Índice de El Proletariado Militante (Memorias de un internacionalista) de Anselmo de LorenzoAnteriorSiguienteBiblioteca Virtual Antorcha

CAPÍTULO VIGÉSIMO TERCERO

LA CONFERENCIA DE VALENCIA

Las vicisitudes políticas, y más aún la deficiente organización de la Federación regional durante el primer año de su existencia, impidieron el cumplimiento del acuerdo del Congreso de Barcelona respecto de la celebración del segundo, que debía tener efecto en Valencia.

En su lugar el Consejo federal, de acuerdo con las federaciones locales a la sazón existentes, convocó una Conferencia secreta de delegados de las mismas en Valencia, que se celebró en los días 10 al 18 de Septiembre de 1871.

Necesitábase renovar el pacto federal que servía de base a la organización obrera española, fortalecer el prestigio de los que debían servir de lazo de unión entre las agrupaciones distribuídas por el territorio, inspirarles ánimo, reveltirles de la confianza necesaria para que desarrollaran iniciativas a medida que lo exigieran las circunstancias, y para ello nada mejor que los mismos trabajadores interesados, por medio de sus representantes.

Lo que quedaba del primer Consejo federal al terminar el año de su existencia eran fragmentos a punto de incurrir en anulación de poderes, y ya casi en peligro de obrar arbitrariamente, no por intención, sino por falta de la necesaria correspondencia con las colectividades y los individuos.
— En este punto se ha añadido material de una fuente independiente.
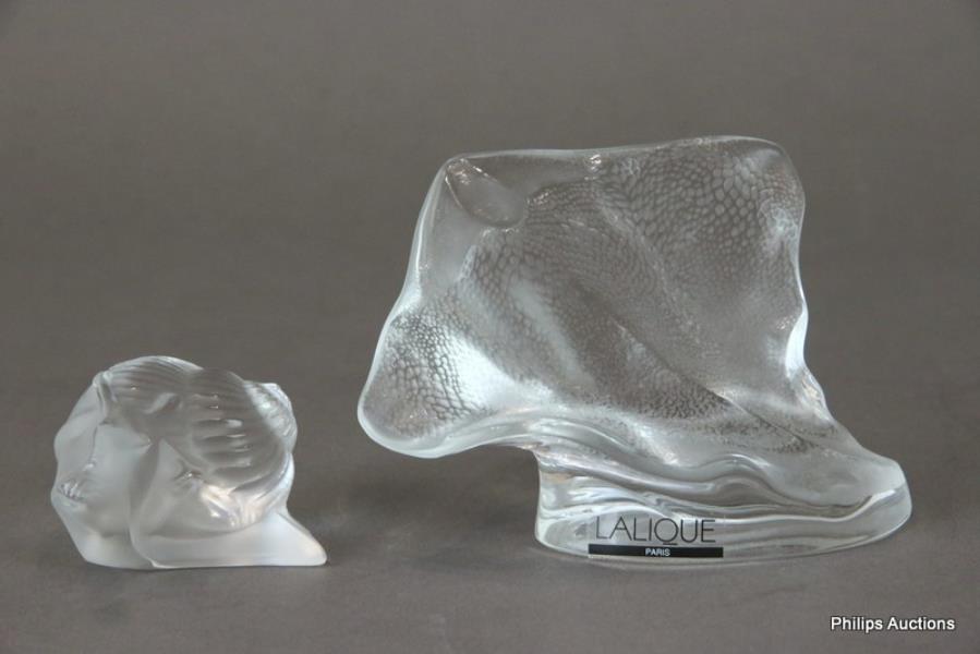 The clear and frosted crystal paperweights, comprising a 'Stingray' with original Label and engraved 'Lalique France' to the underside, together with a snail paperweight, engraved 'Lalique France' underside.
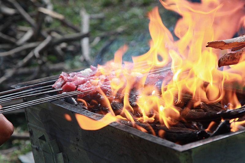 負(fù)責(zé)燒烤者將串好的肉串在水里蘸一下,再往長(zhǎng)形的白鐵皮烤串爐上一放,“刺啦刺啦”的油脂滴在炭火上,白氣與火苗齊竄,再往肉串上灑孜然、辣椒、鹽,一股藍(lán)色的香氣噴涌而出,撩撥著人們的味蕾。烤肉者兩手交替翻轉(zhuǎn),依經(jīng)驗(yàn)把握時(shí)間及火候,出爐前再均勻?yàn)⑸弦槐檎{(diào)料,這一大把烤肉就出爐了。
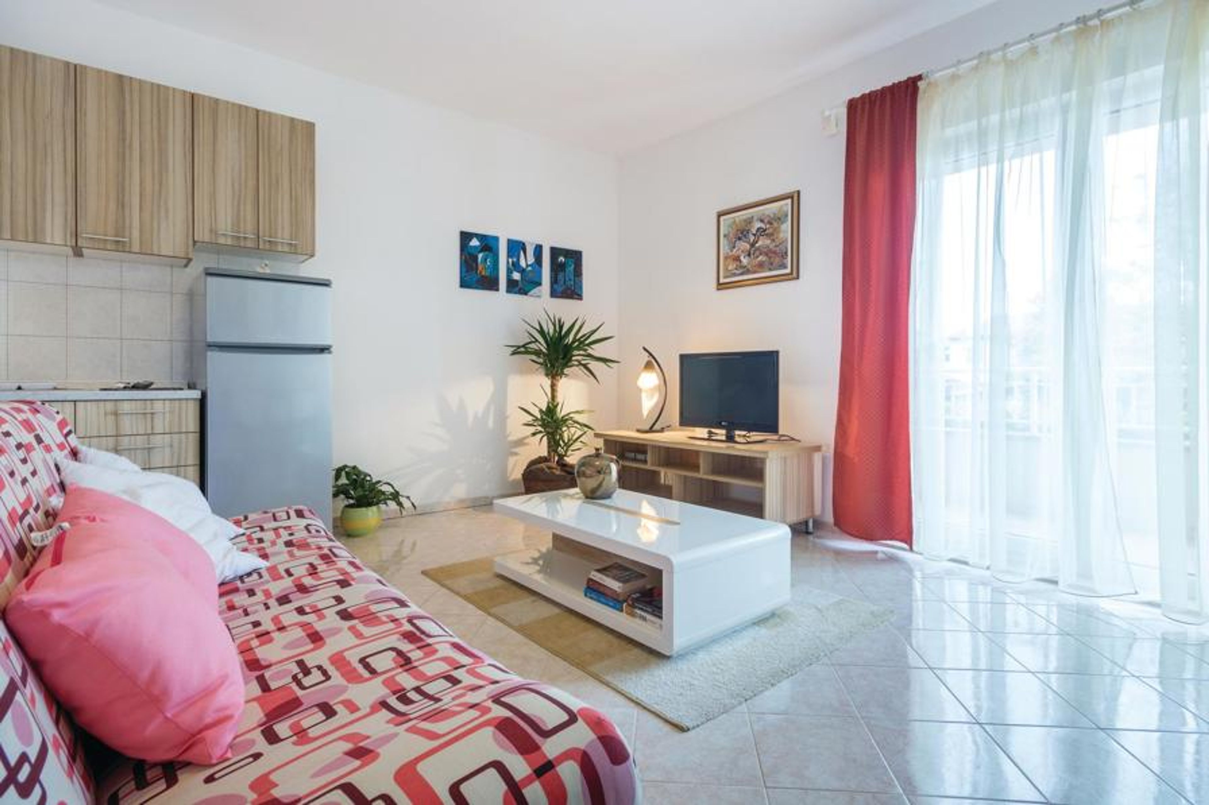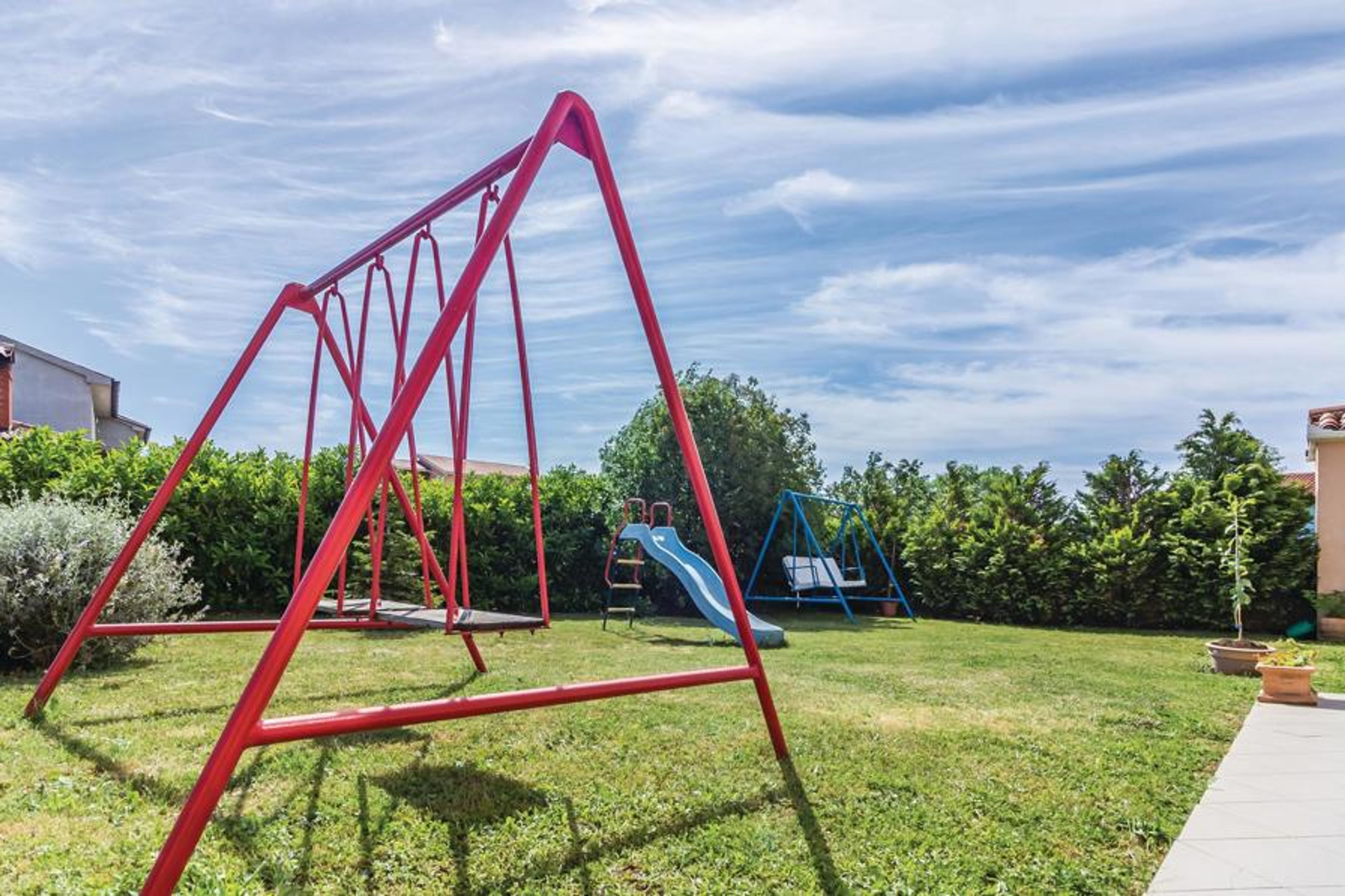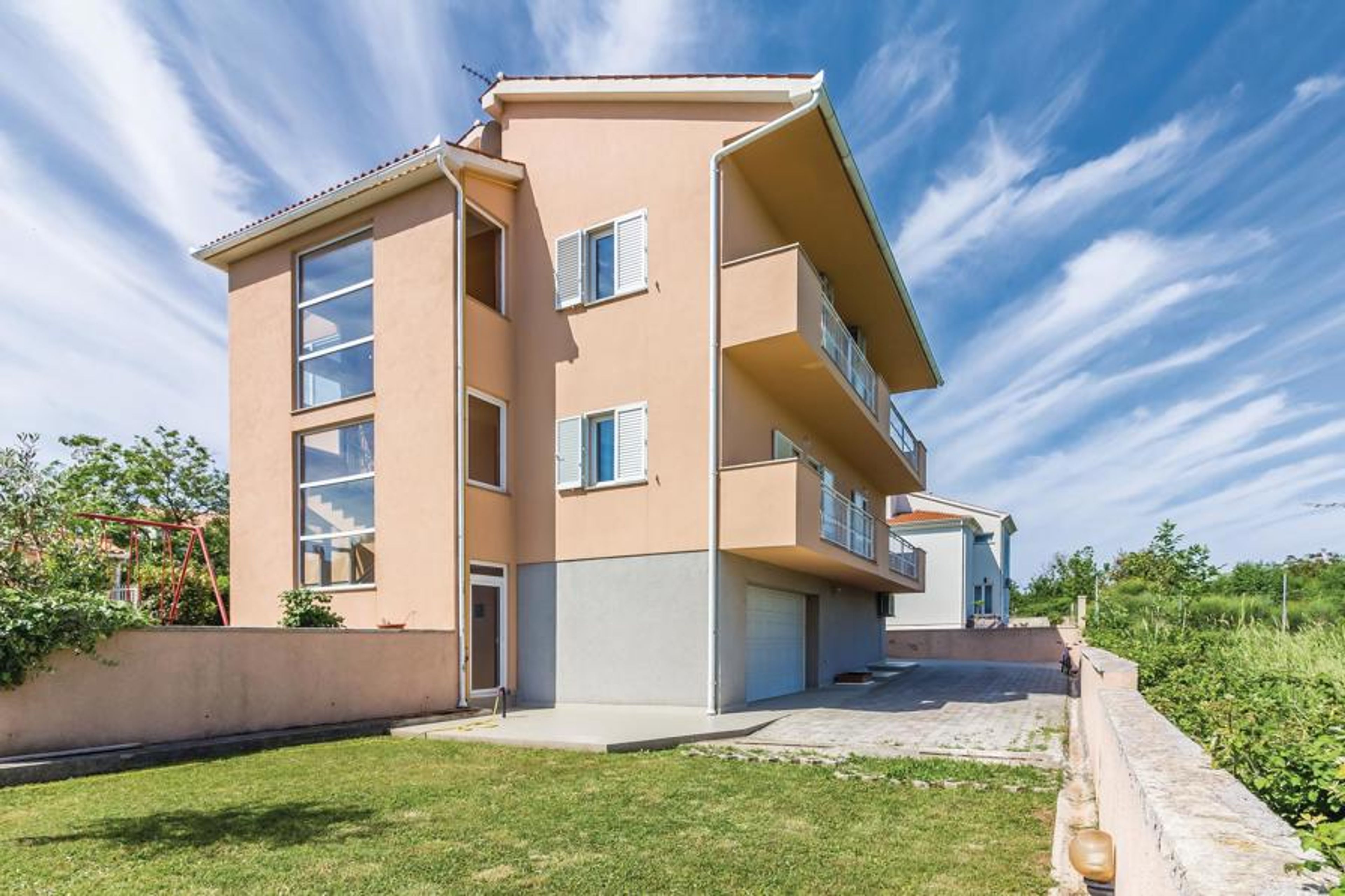 These two apartments are located on the 1st floor of a private house in a smaller suburb in Pula and are ideal for friendly families traveling together. Comfortably furnished, it invites you to spend relaxing, social hours on the shared property. Your children will enjoy the playground equipment in the garden. In just a 10-minute drive, sun worshippers can reach picturesque beaches and bays that have an irresistible appeal. A rich dose of culture awaits you in Pula, the oldest city in Istria, which thus invites you to visit.
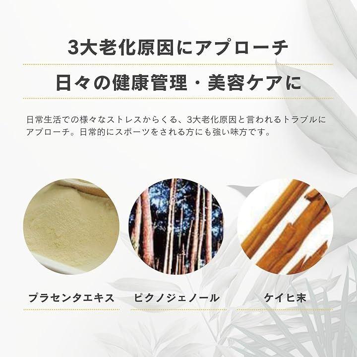 プラセンタやピクノジェノール、α-リポ酸配合で多忙な毎日をサポートするサプリメントです。
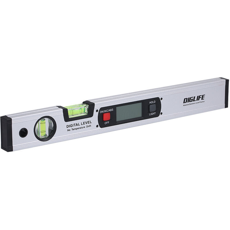 Caratteristica: Realizzato in materiale di alluminio di alta qualità, ha una lunga durata e non ti danneggerà durante il processo di misurazione. Grande schermo LCD per una lettura chiara dei dati di misurazione. La funzione di conservazione dei dati semplifica la lettura dei dati di misurazione. Ci sono 4 potenti magnesio integrati nella base, che possono essere adsorbiti sulla superficie metallica per una facile misurazione. Bolla di livello: Progettato per misurare facilmente i livelli orizzontali e verticali. I dati sono facilmente leggibili utilizzando la funzione di inversione automatica e la lettura digitale verrà automaticamente invertita. Ampia gamma di applicazioni, adatte per la lavorazione del legno, mobili e relativi lavori di livellamento. Specifica: Tipo di oggetto: Livello Materiale: lega di alluminio + plastica Colore: argento, rosso (opzionale) Precisione: ±0,2° Risoluzione: 0,1° Campo di misura: 0~90° 2 batterie AAA da 1,5 V Dimensioni del prodotto: 420*50*20
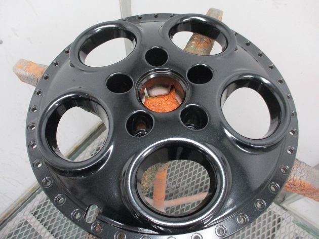回転研磨で塗装前の下地を作り、パウダーコートパールブラック塗装です。
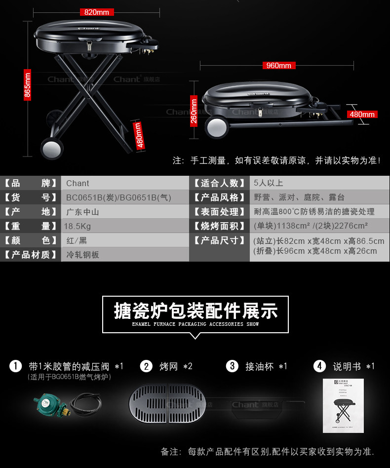 Chant/长青 烧烤炉户外 便携大号加厚木炭烧烤架 野外烧烤烤炉
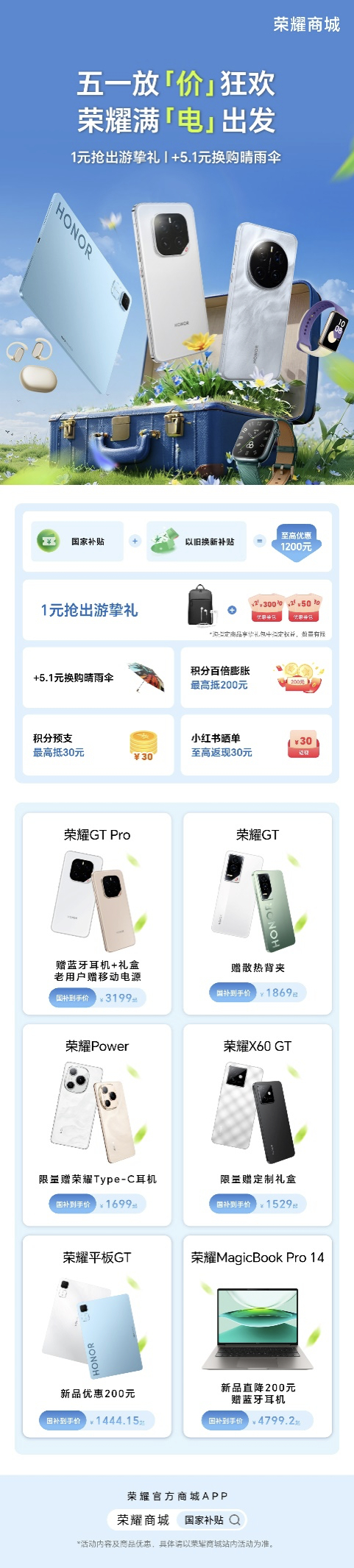 其中,荣耀Power内置8000mAh市场最大容量电池,彻底解决五一出行中的电池焦虑,指导价1999元起,国补后仅1699.15元起。
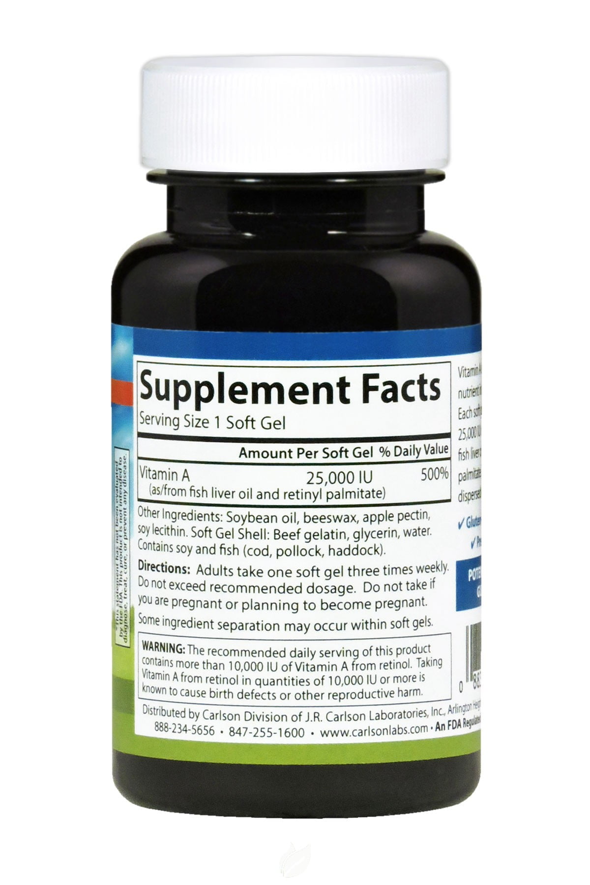 Carlson Labs Vitamin A with Pectin, 25000 IU, 100 Softgels
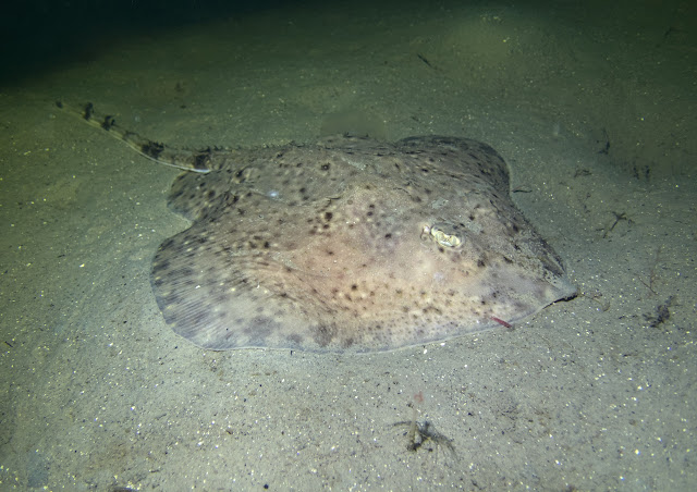 | Thorny skate (Amblyraja radiata), a slightly uncommon sight at our dive sites |
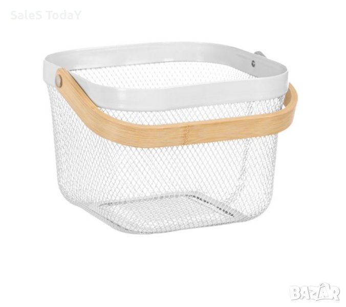 Кошница метална екрю дървена дръжка 24.5x24.5x18см. Код 1227029Перфорирана метална кошница в почти бял цвят с дървена дръжка за лесно транспортиране. Идеален е за организиране и съхранение на малки предмети в кухнята, банята, килера или спалнята. Цвят Екрю Материал на продукта Метал Дърво Дължина x ширина x височина 24,5x24,5x18 см Капацитет (lt) 11.0
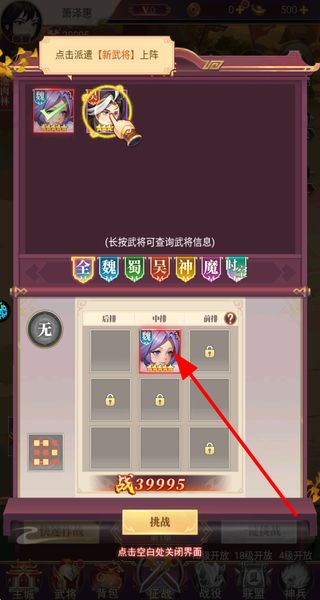 1、选择武将并将其布置到阵容空位中,搭配不同阵营的武将组成军团,确认阵容后点击挑战,即可开启对应的战役关卡。
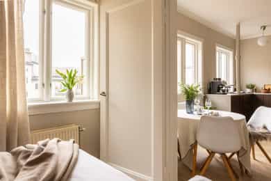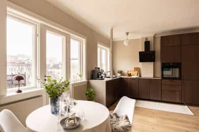 Velkommen til Bygdøy allé 70 - En smakfull, arealeffektiv og innbydende leilighet i 6. etasje. Leiligheten har en praktfull beliggenhet på fasjonable Frogner med kort vei til flere parker, butikker, gode kollektivmuligheter og hyggelige handlegater. - Delikat kjøkkeninnredning fra 2025 med integrerte hvitevarer, inkludert vaskemaskin - Balkong på 2 kvm med morgensol og formiddagssol (ca. 07–14 sommerstid) - Åpen stue- og kjøkkenløsning med godt lys fra vinduer mot stille bakgård - Alle overflater malt i lyse, delikate farger og nytt gulv lagt i 2025 - Gode lagringsmuligheter i medfølgende bod på 2 kvm - Nærhet til fjorden med bademuligheter - Beliggenhet i 6. etasje med flott utsikt - Parkeringsmuligheter i gatene utenfor
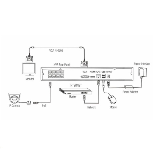 | Obsah balení | NVR jednotka s 8x LAN/POE vstupem, SATA připojením pro až 8TB disk 4x POE Bullet IP66 kamera s nočním přísvitem 1x napájecí adaptér DC 48V 2A 4x sada pro upevnění kamery 4x bajonetová těsnící krytka pro RJ45 konektor 1xUSB myš 1xSATA kabel pro připojení HDD 1x Uživatelský manuál |
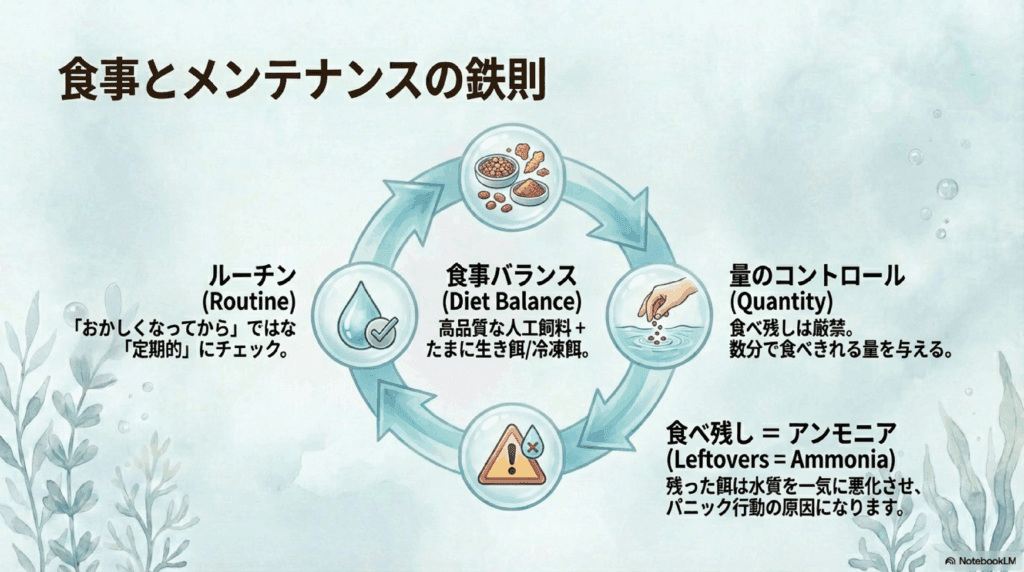 餌の与えすぎは水質の悪化を招くため、適切な量を見極めることが重要です。通常、彼らが数分で食べられる量を目安にしましょう。
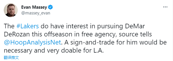 24直播网讯 此前美记者Evan Massey报道,湖人有意在自由市场上引援德罗赞,不过湖人想要得到德罗赞必须通过先签后换的方式才可行;不久前两大名嘴热议这样的交易流言,著名詹黑建议湖人该三换一引援德罗赞,遭对手嘲讽太贪婪。
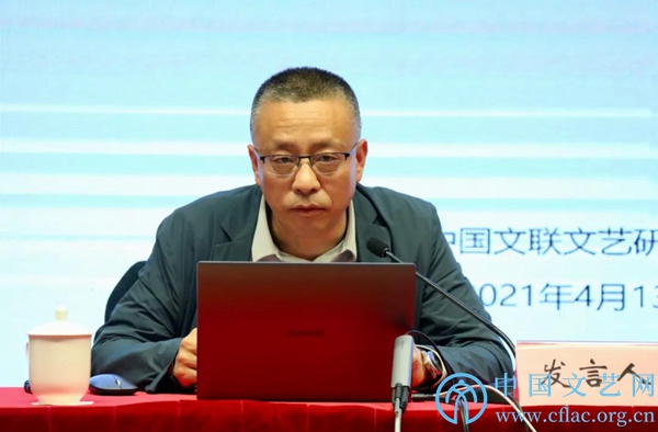 4月13日,全国文联信息化建设工作会议在四川成都召开。图为浙江省文联党组成员、书记处书记吕伟刚进行经验交流发言。

Morago quedó en Lisboa; era demasiado libre para sujetarse a una tiranía, aunque fuera la del deber, y prefirió dar suelta a su inspiración y a sus genialidades antes que someterse a llevar la pesada carga de aquel Consejo federal que debía tener su inteligencia y su voluntad en tensión constante, pensando, resolviendo, y sin soltar la pluma para que aquel cuerpo debilitado que nació en Barcelona entre las explosiones del entusiasmo llegase vivo al acto de reconstrucción que se preparaba en Valencia. Borrel se desentendió e todo desde lo del 2 de Mayo y el concurso de Angel Mora era limitado.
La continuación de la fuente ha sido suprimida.